Heartbreaking pics show stunning tropical islands in Australia suffocated by 238 tonnes of discarded single-use plastic

THE PARADISE tropical islands of Australia are being suffocated by an astonishing 414 million pieces of plastic – including 373,000 toothbrushes.

Shocking pictures show the once white sandy beaches of the Cocos Islands choking on a monstrous 238 tonnes of bottle caps, straws and flip-flops.

The remote islands, formerly described as "heaven on earth" by travel writers, are positioned between Australia and Sri Lanka in the Indian Ocean.

Only two of its 27 coral islands, which are surrounded by miles of stunning crystal clear waters, are inhabited.

The islands are lined with exotic palm trees while its turquoise waters offer world-class diving, snorkelling and fishing.

But researchers from the University of Tasmania revealed the territory is home to 11 times more plastic litter than the highest density of plastic pollution reported in the world.

Dr Jennifer Lavers, who led the study, grabbed global headlines in May 2017 when she revealed beaches on Henderson Island in the South Pacific had was the most plastic-polluted place on earth.


While the density of plastic debris on Cocos Islands beaches is lower than on Henderson, the total volume dwarfs the 38 million pieces, or 17 tonnes found on the Pacific island.

Dr Lavers said: "Islands such as these are like canaries in a coal mine and it's increasingly urgent that we act on the warnings they are giving us.

"Plastic pollution is now ubiquitous in our oceans and remote islands are an ideal place to get an objective view of the volume of plastic debris now circling the globe.

"Our estimate of 414 million pieces weighing 238 tonnes on Cocos is conservative, as we only sampled down to a depth of 10cm and couldn't access some beaches that are known debris hotspots."

Unlike on Henderson Island, where most identifiable debris was fishing-related, the plastic on Cocos was largely single-use items.


Mostly bottle caps, straws, shoes and thongs washed up, Co-author Dr Annett Finger, from Victoria University in Melbourne, Australia, said.

The distressing discovery comes as global production of plastic continues to increase.

Almost half of the plastic produced over the past 60 years was manufactured in the last 13 years.

Dr Finger said: "An estimated 12.7 million tonnes of plastic entered our oceans in 2010 alone, with around 40 per cent of plastics entering the waste stream in the same year they're produced.

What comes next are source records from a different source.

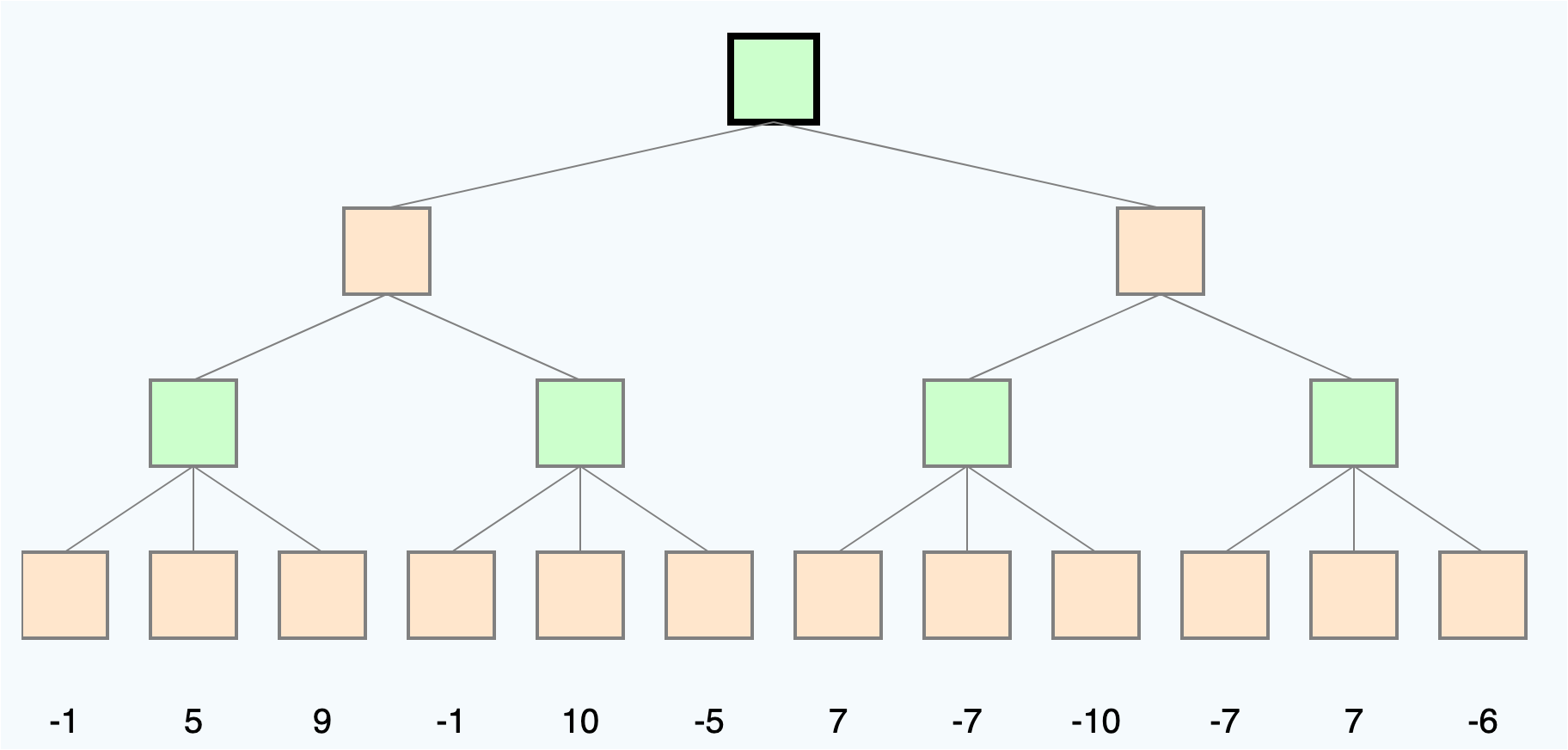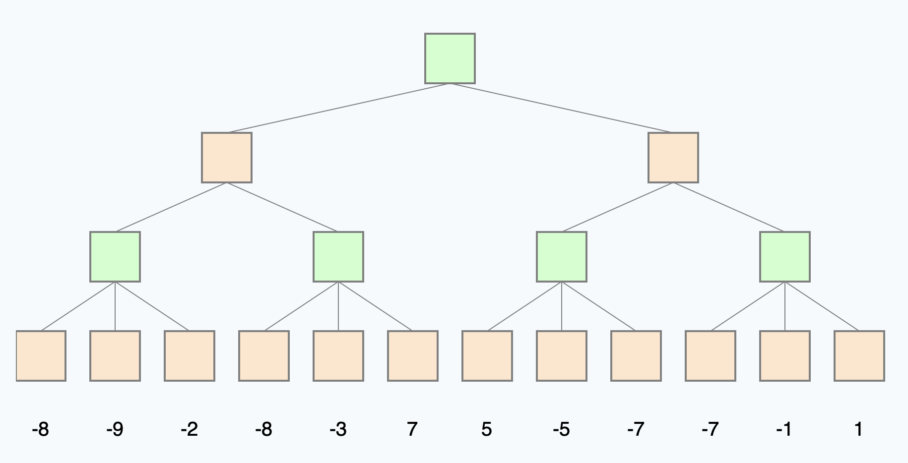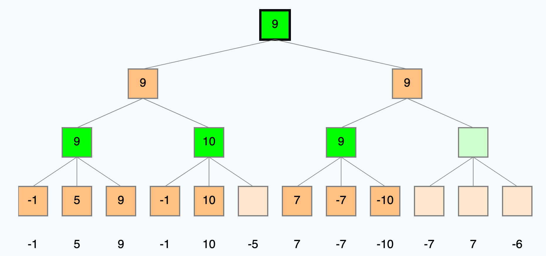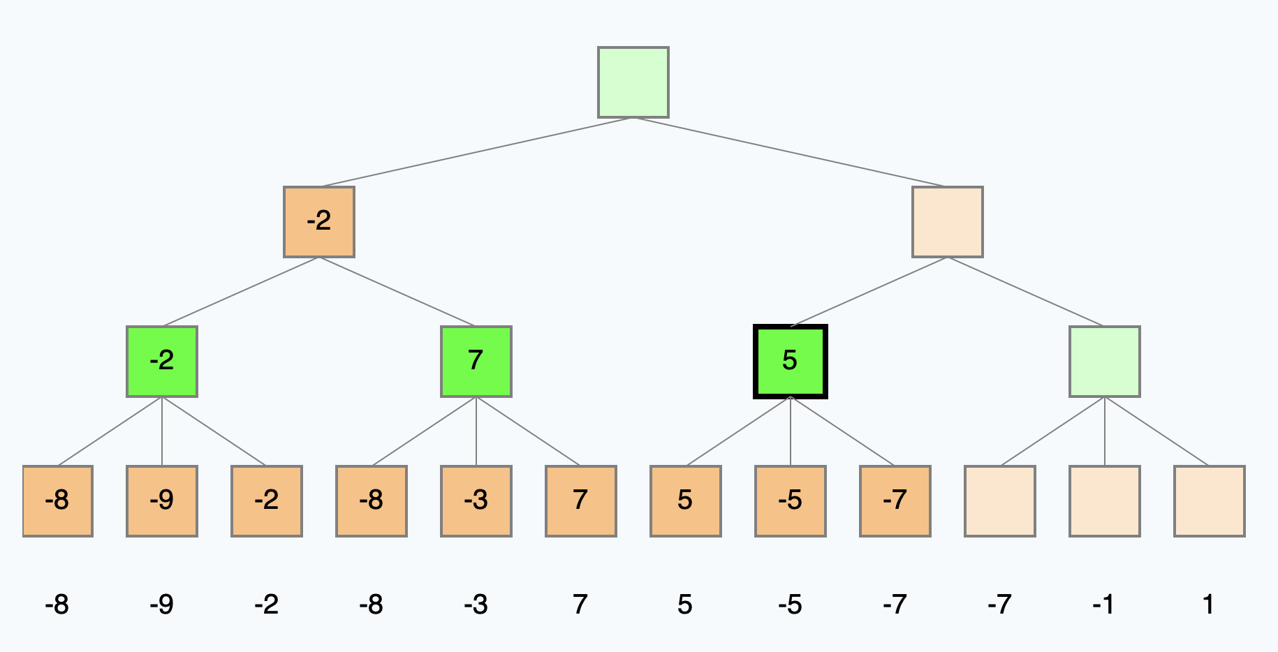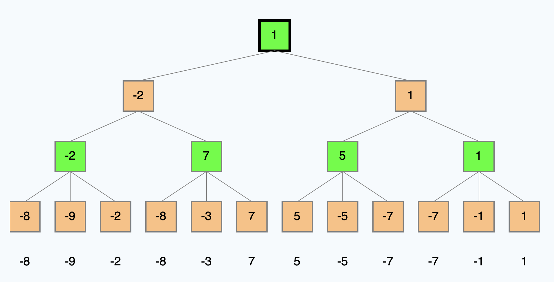 Nun kann der Algorithmus die Bewertung zurückrechnen: Ist der Spieler am Zug, wird der grösste Wert der möglichen Werte (max) übernommen (entspricht dem besten Zug des Spielers). Ist der Gegner am Zug, dann wird der kleinste Wert (min) übernommen (entspricht dem besten Zug des Gegners).
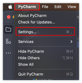 맥을 기준으로 PyCharm > Settings 를 클릭하거나,
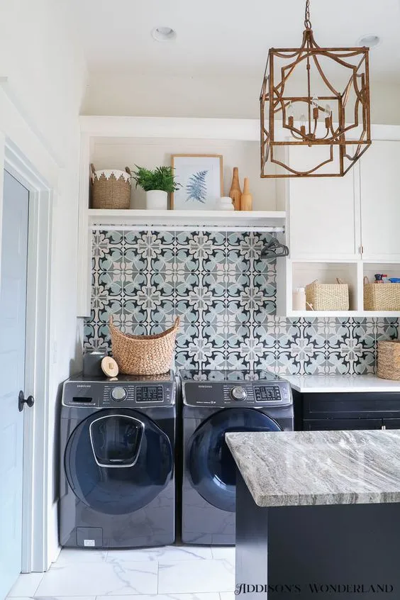 Transform your laundry area with eye-catching, modern tiles! This design uses patterned tiles as a focal point, making the space feel stylish and dynamic. Baskets and open shelves add practicality, rounding out this chic laundry room look.
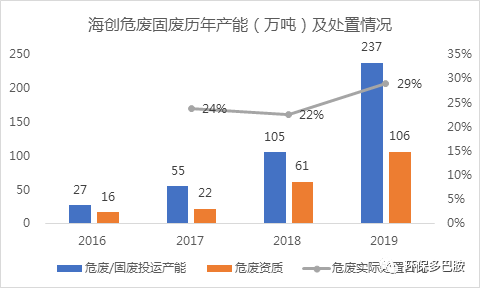 從2016年公司第一個危廢項目(陜西富平項目)投產(chǎn)開始,僅以投運(yùn)產(chǎn)能計算,公司固廢及危廢產(chǎn)能迅猛增長,從2016年的27萬噸固廢產(chǎn)能(含危廢)迅猛增加至2019年的237萬噸,增長778%,危廢資質(zhì)從16年的16萬噸猛增至19年的106萬噸(是榜眼金隅的一倍),增長546%。
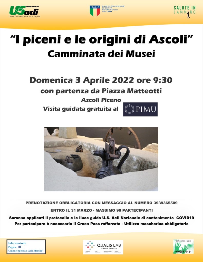 L’U.S. Acli provinciale organizza l’iniziativa “I piceni e le origini di Ascoli – Camminata dei musei” che si svolgerà il 3 aprile con partenza da Piazza Matteotti alle 9,30 ad Ascoli Piceno.
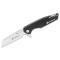 Bjr collectionneur de couteaux à système j'ai craqué pour ce couteau. Hélas il est préférable de manipuler sans gants car le bouton de déverrouillage est dur et minuscule. Une fois la lame sortie il faut actionner un bouton de déverrouillage puis agir sur une coulisse un peu raide pour rentrer la lame jusqu'à l'enclenchement. Avant tout cela il faut ôter un petit capuchon protégeant le logement de la lame. Ce n'est pas adapté pour ceux qui veulent un couteau à une main.

"As a result of the growth in single-use consumer plastics, it's estimated there are now 5.25 trillion pieces of ocean plastic debris.

"Plastic pollution is a well-documented threat to wildlife and its potential impact on humans is a growing area of medical research.

"The scale of the problem means cleaning up our oceans is currently not possible, and cleaning beaches once they are polluted with plastic is time consuming, costly, and needs to be regularly repeated as thousands of new pieces of plastic wash up each day."

She added: "The only viable solution is to reduce plastic production and consumption while improving waste management to stop this material entering our oceans in the first place."